== Extracted data ==
= = = = =

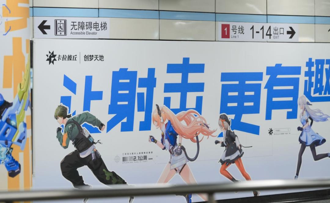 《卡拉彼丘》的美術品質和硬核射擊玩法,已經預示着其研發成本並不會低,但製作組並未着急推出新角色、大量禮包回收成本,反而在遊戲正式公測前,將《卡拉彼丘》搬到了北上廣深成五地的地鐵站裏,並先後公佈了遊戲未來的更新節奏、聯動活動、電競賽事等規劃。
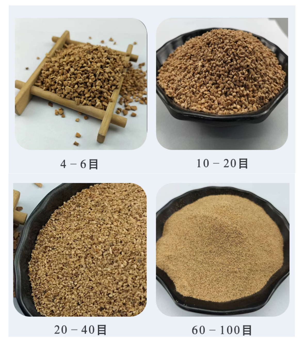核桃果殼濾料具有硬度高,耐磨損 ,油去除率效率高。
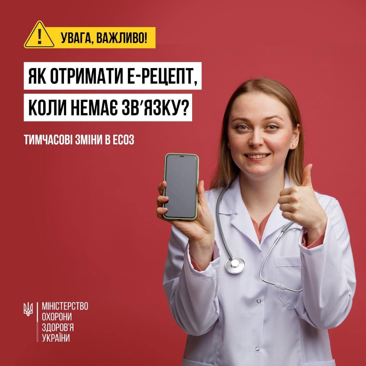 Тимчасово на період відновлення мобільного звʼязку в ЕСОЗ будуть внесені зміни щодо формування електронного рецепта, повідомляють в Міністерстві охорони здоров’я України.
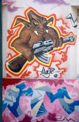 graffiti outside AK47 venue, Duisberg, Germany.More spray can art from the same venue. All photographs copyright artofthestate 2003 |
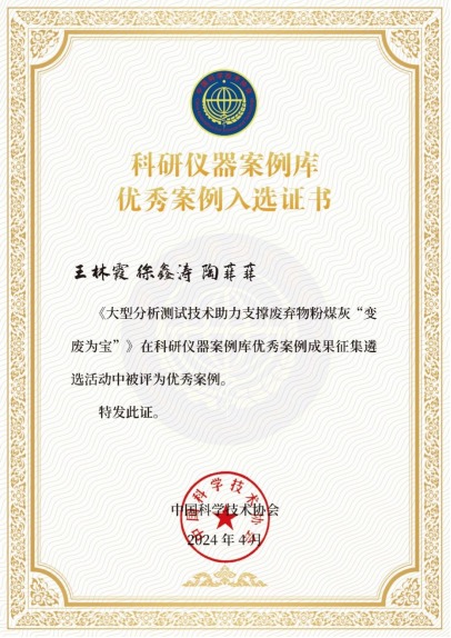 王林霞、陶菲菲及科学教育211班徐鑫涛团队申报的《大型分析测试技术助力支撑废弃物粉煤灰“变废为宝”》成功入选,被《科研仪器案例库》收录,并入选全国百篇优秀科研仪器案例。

= = = = =

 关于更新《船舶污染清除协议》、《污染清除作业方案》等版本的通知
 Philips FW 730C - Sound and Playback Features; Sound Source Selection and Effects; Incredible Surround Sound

= = = = =

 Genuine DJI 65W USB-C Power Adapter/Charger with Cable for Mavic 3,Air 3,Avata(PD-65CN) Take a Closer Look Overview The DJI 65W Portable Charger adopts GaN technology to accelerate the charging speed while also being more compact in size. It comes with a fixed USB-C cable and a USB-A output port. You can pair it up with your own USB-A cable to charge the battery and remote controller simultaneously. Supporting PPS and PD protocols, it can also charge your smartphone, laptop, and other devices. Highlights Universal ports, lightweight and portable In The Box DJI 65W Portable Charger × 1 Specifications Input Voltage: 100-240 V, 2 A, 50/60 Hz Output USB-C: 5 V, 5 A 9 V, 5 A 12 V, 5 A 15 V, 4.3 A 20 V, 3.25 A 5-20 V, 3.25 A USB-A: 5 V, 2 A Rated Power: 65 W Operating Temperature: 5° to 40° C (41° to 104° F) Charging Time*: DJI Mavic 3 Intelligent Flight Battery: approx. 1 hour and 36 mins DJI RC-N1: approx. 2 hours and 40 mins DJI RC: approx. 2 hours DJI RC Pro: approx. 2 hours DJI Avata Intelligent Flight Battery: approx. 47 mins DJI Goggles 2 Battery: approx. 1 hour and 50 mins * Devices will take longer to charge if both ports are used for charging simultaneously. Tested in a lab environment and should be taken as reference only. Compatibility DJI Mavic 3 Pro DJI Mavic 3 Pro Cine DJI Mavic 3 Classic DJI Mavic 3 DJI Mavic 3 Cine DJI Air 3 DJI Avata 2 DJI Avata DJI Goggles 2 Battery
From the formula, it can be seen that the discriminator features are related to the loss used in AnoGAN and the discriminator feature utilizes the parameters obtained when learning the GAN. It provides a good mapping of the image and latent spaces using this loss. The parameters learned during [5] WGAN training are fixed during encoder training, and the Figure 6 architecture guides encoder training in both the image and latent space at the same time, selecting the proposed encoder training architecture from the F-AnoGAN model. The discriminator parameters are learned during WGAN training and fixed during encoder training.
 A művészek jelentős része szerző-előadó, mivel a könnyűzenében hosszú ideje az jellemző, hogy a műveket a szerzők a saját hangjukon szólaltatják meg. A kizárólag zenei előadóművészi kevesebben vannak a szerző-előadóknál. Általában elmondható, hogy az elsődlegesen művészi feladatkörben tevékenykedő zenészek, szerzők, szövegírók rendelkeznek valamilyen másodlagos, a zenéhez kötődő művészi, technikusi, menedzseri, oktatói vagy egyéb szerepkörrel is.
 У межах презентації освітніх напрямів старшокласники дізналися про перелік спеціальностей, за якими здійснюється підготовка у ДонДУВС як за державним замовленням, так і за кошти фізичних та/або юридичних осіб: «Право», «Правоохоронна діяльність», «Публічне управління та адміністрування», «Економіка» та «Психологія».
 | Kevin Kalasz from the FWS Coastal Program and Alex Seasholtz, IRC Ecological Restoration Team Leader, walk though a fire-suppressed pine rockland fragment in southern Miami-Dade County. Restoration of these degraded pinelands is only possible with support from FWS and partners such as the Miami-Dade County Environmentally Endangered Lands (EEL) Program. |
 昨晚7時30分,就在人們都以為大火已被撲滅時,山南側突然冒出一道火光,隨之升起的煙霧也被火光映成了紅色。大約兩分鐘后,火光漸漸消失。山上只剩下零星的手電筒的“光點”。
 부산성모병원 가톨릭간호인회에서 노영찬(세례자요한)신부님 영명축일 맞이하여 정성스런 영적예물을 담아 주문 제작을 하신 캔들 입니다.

= = = = =

Everything in the material above from the line that has "关于更新《船舶污染清除协议》、《污染清除作业方案》等版本的通知" through the line that has "Philips FW 730C" must be duplicated exactly, with no other lines given.

== Expected answer ==
 关于更新《船舶污染清除协议》、《污染清除作业方案》等版本的通知
 Philips FW 730C - Sound and Playback Features; Sound Source Selection and Effects; Incredible Surround Sound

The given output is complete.